Ночью сон отказался закутывать его в свои сладкие прозрачные покрывала. Отлетал от него. Испуганно смотрел со стороны. Чурался. Не хотел проникать в его глаза.
Нечто большее, чем он сам, неуклюже билось в нем и разрывало изнутри.
До утра он промаялся, все же надеясь уснуть. Но тщетно. Как только рассвет утвердился над городом окончательно, выкрасив все городские здания на свой прихотливый манер и привнеся в мир щемящую остроту неизбежной смены времени суток, он определился окончательно с тем, как ему следует теперь поступить.
Улица Чайковского, 34. Город Владимир.
* * *
Несмотря на ранний час, электричка до Владимира наполнилась людьми под завязку, до стояния в проходах, толчеи в тамбурах и неприятной близости всех к друг другу. Правда, минут через сорок после череды пригородных станций с маленькими вокзальчиками народу поубавилось. Нагруженные всевозможной поклажей дачники перемещались из электропоездов в свои шестисоточные поместья.
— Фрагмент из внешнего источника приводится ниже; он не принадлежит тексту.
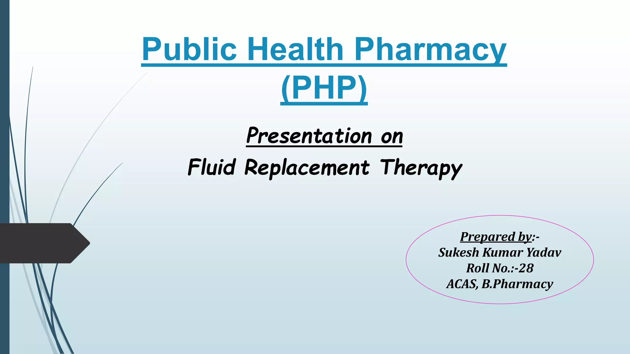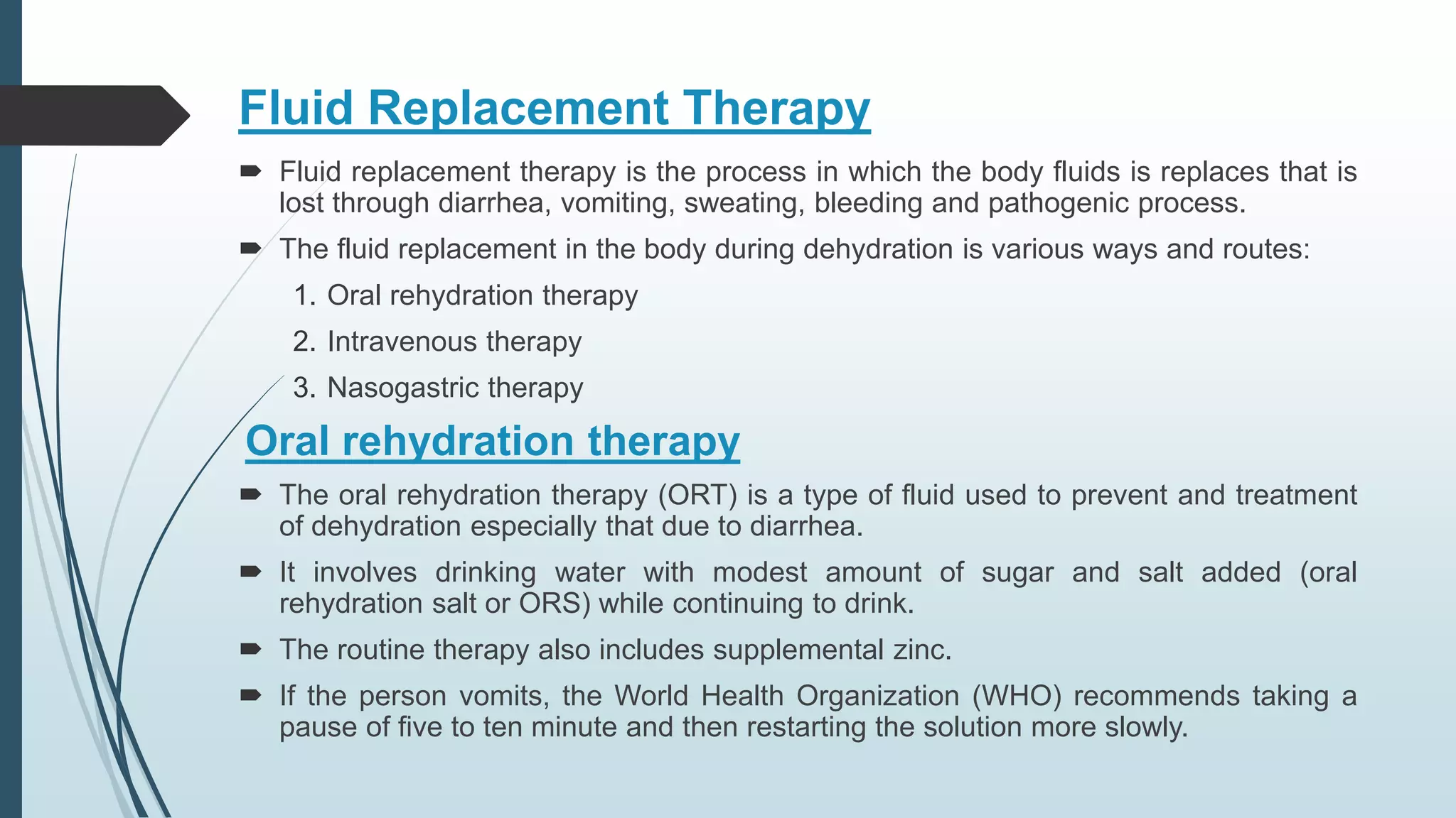This document discusses fluid replacement therapy and different methods used. It describes oral rehydration therapy which involves drinking water with modest amounts of sugar and salt to prevent and treat dehydration. Intravenous therapy provides fluid replacement directly into veins and is used to correct electrolyte imbalances or deliver medications. Nasogastric therapy administers food directly into the stomach through a tube for patients unable to eat orally.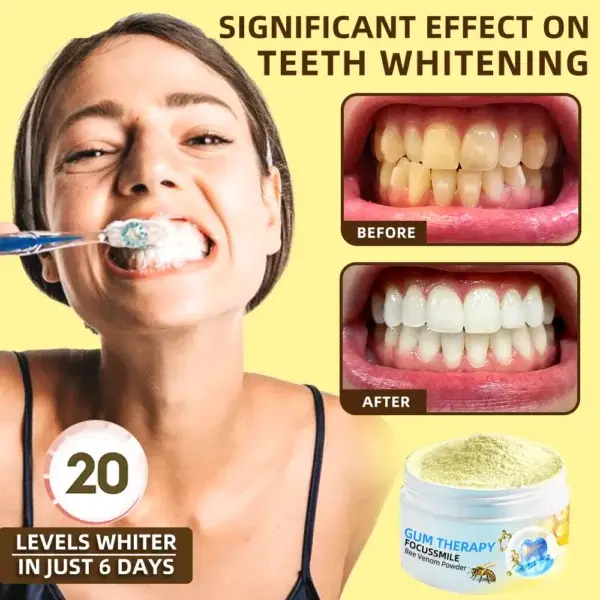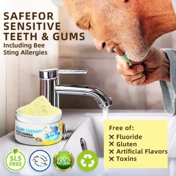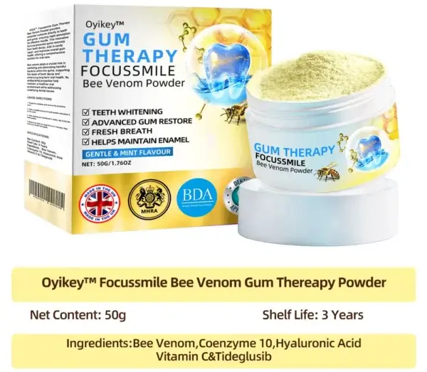 ππ²π’π€ππ²β’ Focussmile Bee Venom Treatment Oral Powder offers more than immediate reliefβit providesΒ long-term protectionΒ for your gums. TheΒ antioxidantΒ compounds inΒ bee venomΒ neutralize free radicals andΒ reduce oxidative damage to oral tissues, promoting strong and resilient gums.Β Combining clinically proven ingredients with natural care solutions, this powder ensuring aΒ lifetimeΒ ofΒ healthy teeth and gums.
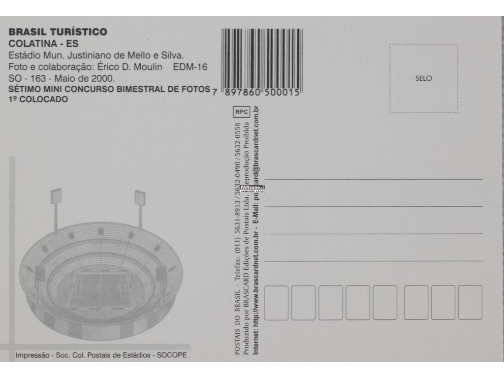 Originální pohlednice zachycující Estádio Municipal Justiniano de Mello e Silva v Colatině ve státě Espírito Santo (ES), Brazílie. Tento sběratelský kousek je v dokonalém stavu - neprošlý poštou, nenadepsaný a bez známky. Colatina je důležité město ve státě Espírito Santo v jihovýchodní Brazílii s přibližně 125 000 obyvateli, ležící na řece Doce. Název stadionu "Justiniano de Mello e Silva" je pojmenován po významné místní osobnosti spojené s městem nebo fotbalem. Espírito Santo je menší brazilský stát mezi Rio de Janeirem a Bahií s vlastní fotbalovou tradicí. Městský stadion slouží místním klubům a je centrem sportovního života v regionu. Brazilský fotbal je národní vášní a i města jako Colatina mají své kvalitní sportovní infrastruktury. Vzácná pohlednice ideální pro sběratele stadionových memorabilií, fanoušky brazilského fotbalu nebo milovníky jihoamerické fotbalové kultury.

На остановках методично холодные голоса из репродукторов объявляли, какой поезд на какой путь прибывает.
Весеннее Подмосковье в окнах захлебывающегося от колесного стука вагона трепетало зеленью придорожных кустов, цеплялось за землю неказистыми железнодорожными постройками, открывало бескрайний простор щемящими видами полей и перелесков. Долгое путешествие, как ни странно, подействовало на Арсения успокаивающе. И это спокойствие подарил ему… Чайковский. Ведь он едет к дому на улице Чайковского, и это как-то обнадеживает, хотя цель его нынешней затеи все еще туманна и непредсказуема. О чем он спросит человека, которого собрался навестить? И хватит ли у него в итоге смелости что-то предъявить ему? Пока улица Чайковского еще далеко, решимости у него хоть отбавляй. А вот когда он подойдет к дому? И как выглядит этот дом?
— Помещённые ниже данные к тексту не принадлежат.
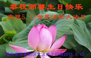 黑龙江省哈尔滨市香坊区大法弟子恭祝师尊生日快乐!庆祝世界法轮大法日!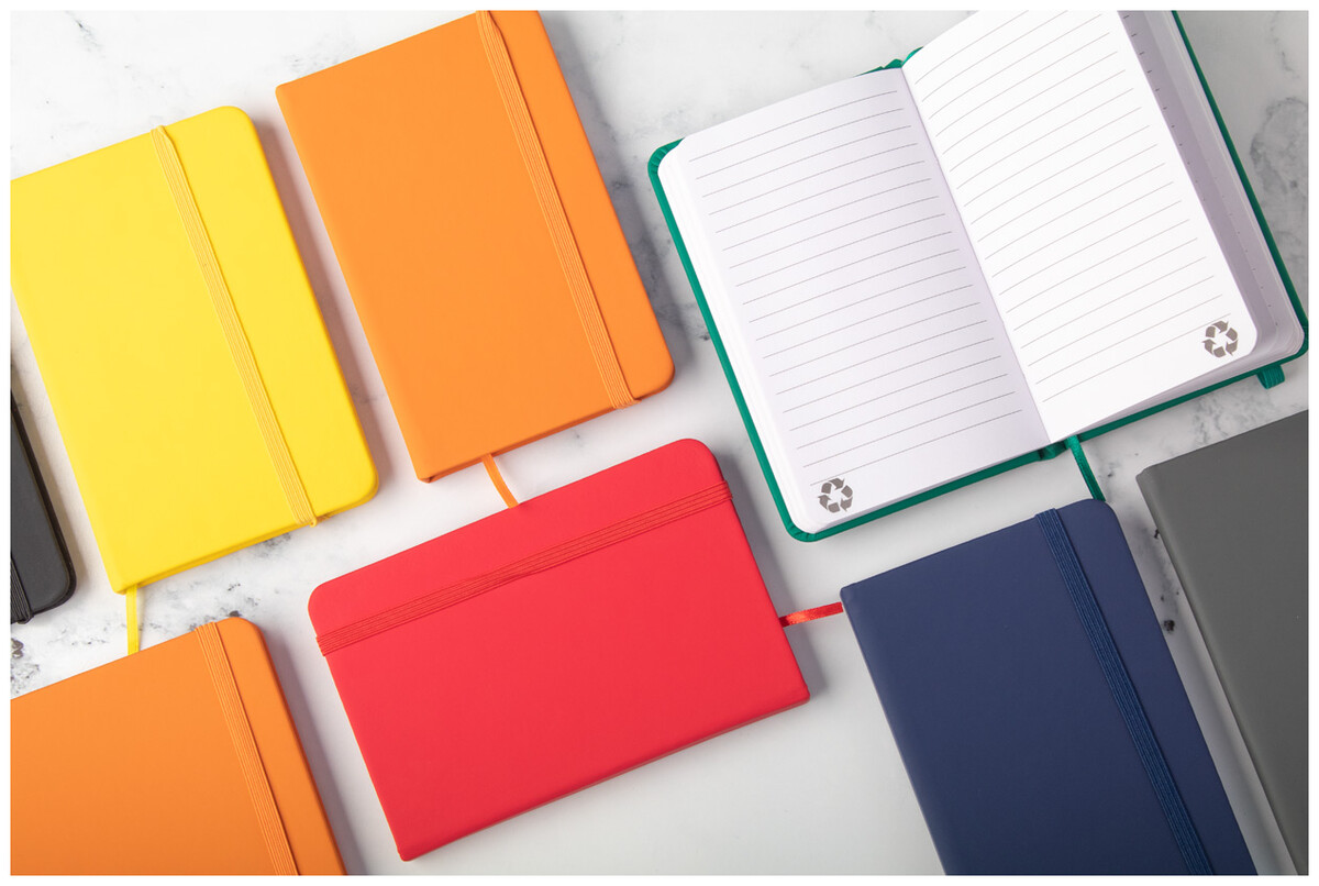 Blok potažený recyklovanou PU kůží se 100 linkovanými listy z recyklovaného papíru. Se záložkou v odpovídající barvě a gumičkou. Velikost A6.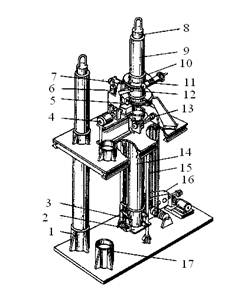 1 – гнездовой кирпич; 2 – стакан; 3 – установочная плита; 4 – направляющая каретка; 5 – верхняя рама; 6 – верхняя плита; 7 – нижняя плита; 8 – коллектор;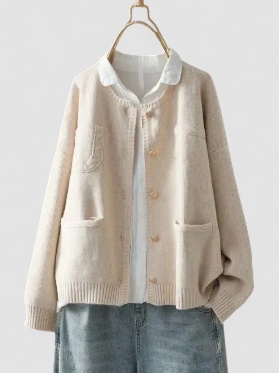O Cardigã Elegante Marcela foi criado para mulheres que apreciam a subtileza da elegância no dia a dia. Com o seu tom rosado suave, corte descontraído e detalhes cuidadosamente trabalhados nos bolsos, oferece charme e funcionalidade em igual medida — perfeito para sobrepor sobre blusas, acrescentar calor a looks casuais ou dar um toque de graça ao seu guarda-roupa diário.

Скоро ему предстоит участвовать в конкурсе Чайковского, и в первом туре он исполнит знаменитую фортепианную «Думку». Как размашисто, словно бесконечное минорное арпеджио, распространился Петр Ильич по его жизни! Еще и памятник ему в двух шагах от его дома.
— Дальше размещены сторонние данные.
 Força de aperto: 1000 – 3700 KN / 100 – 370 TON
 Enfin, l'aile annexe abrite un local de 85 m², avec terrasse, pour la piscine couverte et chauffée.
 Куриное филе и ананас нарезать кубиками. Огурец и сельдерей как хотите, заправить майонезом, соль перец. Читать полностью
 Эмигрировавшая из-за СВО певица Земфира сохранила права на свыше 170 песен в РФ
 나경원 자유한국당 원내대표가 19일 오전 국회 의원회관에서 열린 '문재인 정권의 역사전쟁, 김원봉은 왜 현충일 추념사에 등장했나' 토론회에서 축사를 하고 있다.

Иногда он задремывал, но не крепко, как-то неудобно, и тут же почти просыпался.
Во Владимире прежде ему бывать не приходилось…
По пути он проголодался. В владимирском вокзальном буфете купил бутерброд с сыром, который, несмотря на голод, доесть не смог. Хлеб был как будто влажный, масло отдавало горечью, а сыр показался почти безвкусным. Плюс зрелище обсиженного мухами прилавка никак не выходило из головы. «Сколько же мух побывало на этом куске хлеба с маслом и сыром, пока его мне продали?» – дивился про себя Арсений.
Выйдя на привокзальную площадь, он расспросил дежурного милиционера, как ему найти улицу Чайковского. Тот сначала хмурился, словно его просят о чем-то неприличном, потом, вяло цедя слова и что-то рисуя рукой в воздухе, обрисовал юноше маршрут.
Во Владимире по московским меркам – все близко. Поэтому Арсений довольно скоро достиг искомого дома.
Кирпичная пятиэтажка, жильцу которой мать регулярно отправляла деньги, выглядела типично для неторопливо-советской провинции. На ближних лавочках – ряды наблюдательных бабушек в обязательных платочках, на балконах – белье, развешенное на чуть изогнутых под тяжестью мокрой ткани веревках, на неровных тротуарах у маленьких бордюров – несколько неновых жигуленков и один совсем уж древний «Запорожец». Парадной стороной дом выходил на улицу, весьма широкую и шумную, а тыльной, там, где подъезды под железными козырьками, – во двор, насыщенно зеленый и свежо пахнущий.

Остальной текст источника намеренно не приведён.